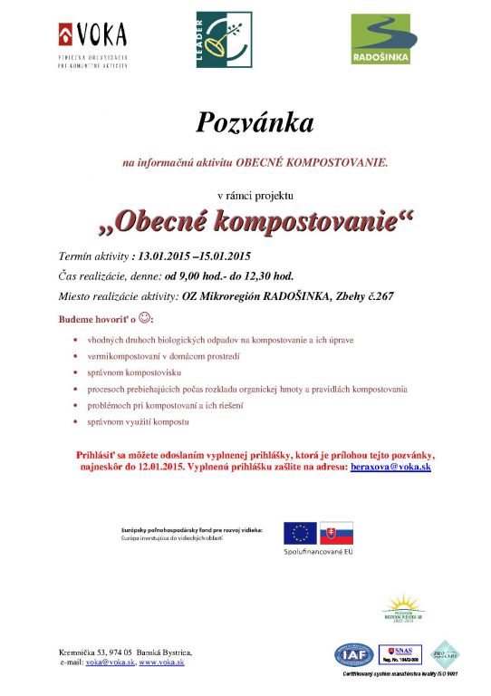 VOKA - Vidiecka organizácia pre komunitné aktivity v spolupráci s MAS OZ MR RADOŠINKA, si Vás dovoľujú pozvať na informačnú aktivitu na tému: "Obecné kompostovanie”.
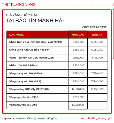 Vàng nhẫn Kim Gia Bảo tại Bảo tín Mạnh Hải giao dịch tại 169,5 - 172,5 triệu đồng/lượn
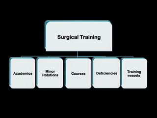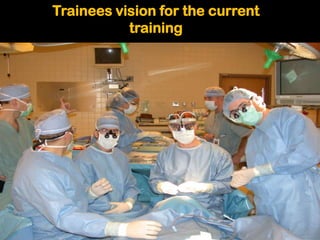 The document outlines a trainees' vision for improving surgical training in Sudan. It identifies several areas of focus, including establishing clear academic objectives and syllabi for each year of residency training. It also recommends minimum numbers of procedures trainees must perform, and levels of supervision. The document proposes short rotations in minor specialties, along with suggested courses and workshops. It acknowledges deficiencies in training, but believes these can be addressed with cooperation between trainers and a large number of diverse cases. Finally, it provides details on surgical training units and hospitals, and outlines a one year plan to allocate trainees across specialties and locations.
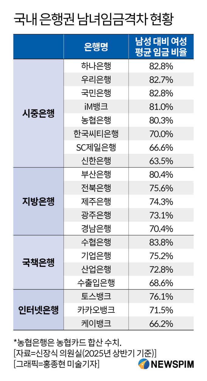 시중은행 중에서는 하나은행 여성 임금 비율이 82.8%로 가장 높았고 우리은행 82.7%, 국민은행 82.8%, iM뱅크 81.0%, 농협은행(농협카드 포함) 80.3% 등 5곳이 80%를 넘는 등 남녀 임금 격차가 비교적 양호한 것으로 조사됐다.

--------

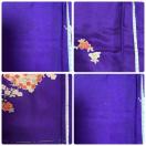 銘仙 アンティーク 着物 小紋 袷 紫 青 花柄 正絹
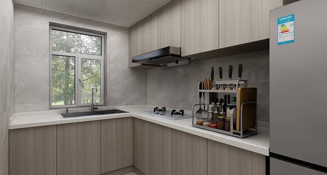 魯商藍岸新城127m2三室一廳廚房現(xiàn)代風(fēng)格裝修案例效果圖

--------

◆ WORK TO BE COMPLETED
All pictures are to be skipped. Output, word for word, the lines in the data above starting at the line containing "銘仙 アンティーク 着物 小紋 袷 紫 青 花柄 正絹" and ending at the line containing "魯商藍岸新城127m2三室一".

◆ EXPECTED ANSWER
 銘仙 アンティーク 着物 小紋 袷 紫 青 花柄 正絹
 魯商藍岸新城127m2三室一廳廚房現(xiàn)代風(fēng)格裝修案例效果圖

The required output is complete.